In the past, efforts have been made to generate molecular hydrogen and chlorine for use as primary fuel reagents in a combustion chamber. Such hydrogen and chlorine are combined to form HCl at high pressures and temperatures in order to drive a suitable output device, such as, a turbine. The difficulty has been to recycle the hydrogen chloride efficiently to regenerate molecular hydrogen and chlorine for continuous use in the power system.
In the past as disclosed in Melor's Comprehensive Treatise on Inorganic and Theoretical Chemistry, Volume 3, 1923, pages 80 and 81 and as disclosed in Japanese Patent Publication (Kokai) No. 51-54892, techniques are disclosed for the generation of hydrogen and chlorine from HCl. However, neither reference teaches both the generation of hydrogen and chlorine in a practical system for generating power.
In the aforementioned application, Ser. No. 814,031 entitled "Augmented Power System", a reactor chamber is provided having an input for a reactor material such as a halogen or interhalogen. Radiation is applied to the chamber to disassociate the reaction materials in the chamber and to provide reaction products having high temperatures and pressures. These materials are utilized to generate work such as to drive a turbine with the reacting materials then passing through a heat sink. The reaction materials reassociate to the original reactants and thereafter are stored for recycling. This application does not teach how to generate hydrogen and chlorine from HCl but does teach a method and apparatus for generating power in a closed loop system using halogens or interhalogens.
It is an object of this invention to provide an improved system for efficiently regenerating hydrogen and chlorine for use in a closed loop power system.
Accordingly, this invention relates to a method and apparatus for generating hydrogen and chlorine for use in a power system.
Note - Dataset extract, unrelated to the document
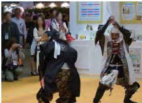
来場者の注目を集めた武将隊パフォーマンス

日本商工会議所は、9月23～25日まで、東京ビッグサイトで開催された「ツーリズムEXPOジャパン2016」に、全国の商工会議所の観光商品を紹介する共同展示ブースを出展した。参加した商工会議所は、登別（北海道）、久慈（岩手県）、酒田、新庄（山形県）、上越、糸魚川、加茂（新潟県）、上田、下諏訪、塩尻（長野県）、静岡（静岡県）、柳川（福岡県）、八代（熊本県）の13商工会議所。

Molecular hydrogen and chlorine are coupled to a combustion chamber wherein the hydrogen and chlorine combine to form HCl under high pressure and temperatures. The HCl is used to drive a suitable output device such as a turbine for generating mechanical and/or electrical power. The exhaust pipes from the turbine are directed to a heat sink where a substantial remaining portion of the heat of the HCl is removed. The HCl is then coupled to a hydrogen-chlorine regeneration system which includes a pair of reactors. In the first reactor, copper and cuprous chloride are located on beds through which the HCl is passed. The HCl combines with the copper and cuprous chloride to form hydrogen in molecular form and cuprous chloride and cupric chloride. At the same time heat extracted from the HCl after leaving the turbine is coupled to a second reactor containing cuprous chloride and cupric chloride. The heat causes the cuprous chloride and cupric chloride to form copper and molecular chlorine and cuprous chloride and molecular chlorine respectively. The molecular chlorine is then supplied back to the combustion chamber for recombination with the molecular hydrogen. After the cuprous chloride and cupric chloride have been substantially converted to copper and cuprous chloride respectively, the mode of operation has changed such that the hydrogen chloride is coupled to the second reactor to form a hydrogen and cuprous chloride. The heat from the output heat sink of the turbine is coupled to the first reactor to form molecular chlorine and cuprous chloride.
In an alternative embodiment of the invention, silver rather than copper is used as a base material wherein HCl combines with silver to form silver chloride and hydrogen. The silver chloride is then irradiated with light energy to form molecular silver and molecular chlorine. The process then repeats itself on a continuous basis.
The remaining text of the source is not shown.